Blood Group A and H Determinants in Polyglycosyl Peptides of A1 and A2 Erythrocytes

Abstract

Polyglycosyl peptides were isolated from delipidated erythrocyte membranes of human blood‐group A₁ and A₂ erythrocytes by extensive pronase digestion and gel filtration. As estimated by the amounts of N‐acetyl‐galactosamine and 2‐O‐substituted galactose residues about 85% of the possible acceptor sites (H determinants) were saturated with A determinants in A₁ polyglycosyl peptides whereas only 25% of H sites were filled in A₂ glycopeptides. The distribution of A and H determinants in the glycopeptides was studied by affinity chromatography with Sepharose‐bound Bandeiraea simplicifolia I‐lectin (binds blood‐group A and B determinants) and Ulex europaeus I‐lectin (binds blood‐group H determinants). About 55% of the polyglycosyl peptides contained A, H, or A and H determinants in both A₁ and A₂ blood subgroups. 48% of the polyglycosyl peptides of blood group A₁ and 10% of A₂ bound to Bs I‐lectin. 25% of the polyglycosyl peptides in A₁ and 53% in A₂ carried H determinants.
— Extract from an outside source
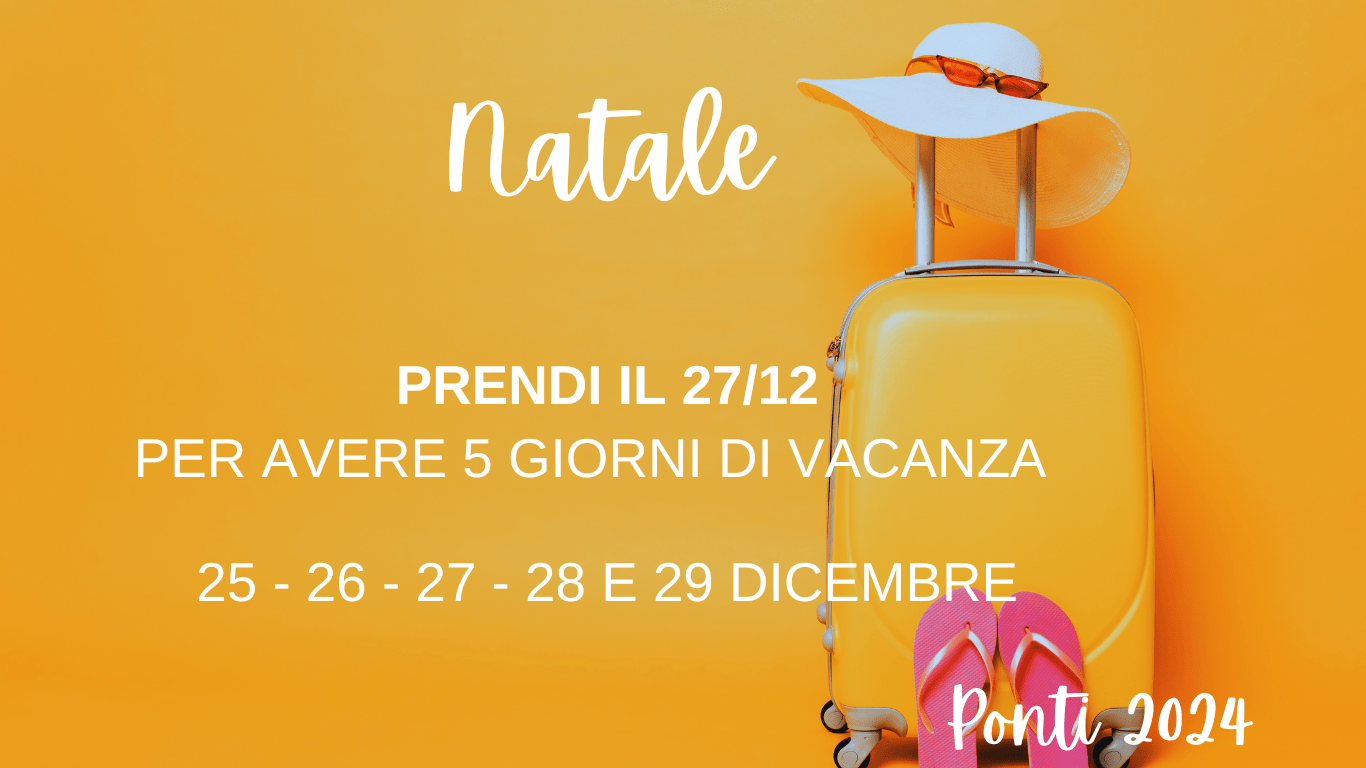 LISTA DELLE FESTIVITA’ 2024 State pianificando le vacanze del 2024? Di seguito la lista dei ponti e delle festività. Condividi: Condividi su WhatsApp (Si apre in una nuova finestra) WhatsApp Stampa (Si apre in una nuova finestra) Stampa Mi piace:Mi piace Caricamento...

The molecular size, monosaccharide composition and the substitution pattern of the monosaccharides in the Bs‐I‐bound polyglycosyl peptides were very similar in both A₁ and A₂ blood groups. The only difference was the amount of N‐acetylgalactosamine which was on the average 3.7 mol/mol in A₁ and 2.5 mol/mol in A₂. The active fraction was found to be heterogeneous with respect to the amount of A determinants, which varied from 1 to 6 per glycopeptide in A₁ and A₂ polyglycosyl peptides. The findings do not indicate a structural difference between blood‐group A₁ and A₂ polyglycosyl peptides and state chemically that A₁ glycopeptides contain more A determinants than A₂ glycopeptides.